To compute the test statistics, we use the observed frequencies and expected frequency:

  $\begin{array}{l}{\chi }^2={\displaystyle \sum \frac{{\left(O-E\right)}^2}{E}}\}=\begin{array}{c}\begin{array}{l}158.18+90.35+3.24+4.73+27.88+192.50\\ +100.18+57.22+2.05+2.99+17.66+121.92\end{array}\end{array}\\ {\chi }^2\approx 778.91\end{array}$

Here r represents the number of rows and c represents the number of columns.
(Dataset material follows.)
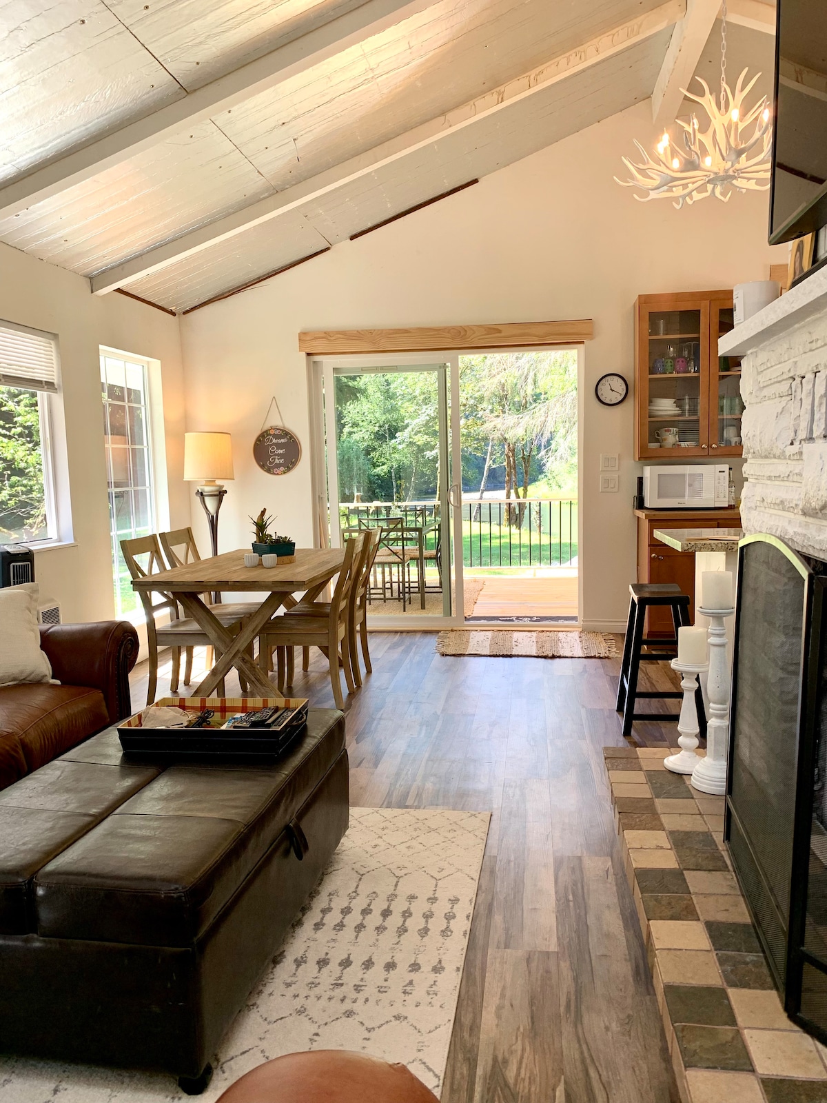 Tum tú féin isteach in áilleacht iarthuaisceart an Aigéin Chiúin ag an teach álainn seo in áit an - uathúil díreach in aice leis an abhainn, múscail éin ag cíoradh agus féach ar na hiolair ag ardú. Tá an teach fairsing agus compordach do dhlúth - shaoire ghearr ón gcathair, duit féin, do chairde agus do do theaghlach. Tá cistin feistithe go maith le haghaidh béilí. Deic mhór ina bhfuil áit itheacháin agus suíocháin le haghaidh bailithe agus tábla poll dóiteáin. Clós cúil mór féir le poll dóiteáin chun cluichí a imirt, teacht le chéile timpeall na tine agus marshmallow a róstadh

Given $r=2$ , $c=6$ so the number of degree of freedom is $\left(2-1\right)\left(6-1\right)=\left(1\right)\left(5\right)=5$

Degrees of freedom	Table A.4 Critical Values for the chi-square Distribution
	0.995	0.99	0.975	0.95	0.90	0.10	0.05	0.025	0.01	0.005
1	0.000	0.000	0.001	0.004	0.016	2.706	3.841	5.024	6.635	7.879
2	0.010	0.020	0.051	0.103	0.211	4.605	5.991	7.378	9.210	10.597
3	0.072	0.115	0.216	0.352	0.584	6.251	7.815	9.348	11.345	12.838
4	0.207	0.297	0.484	0.711	1.064	7.779	9.488	11.143	13.277	14.860
5	0.412	0.554	0.831	1.145	1.610	9.236	11.070	12.833	15.086	16.750

Conclusion:

Test statistic: 778.91; Critical value: 15.086. ${\chi }^2>CriticalValue$ , so we Reject H₀ (null hypothesis states that acceptance to graduate school is independent of department). Weconclude that acceptance rates differ among departments.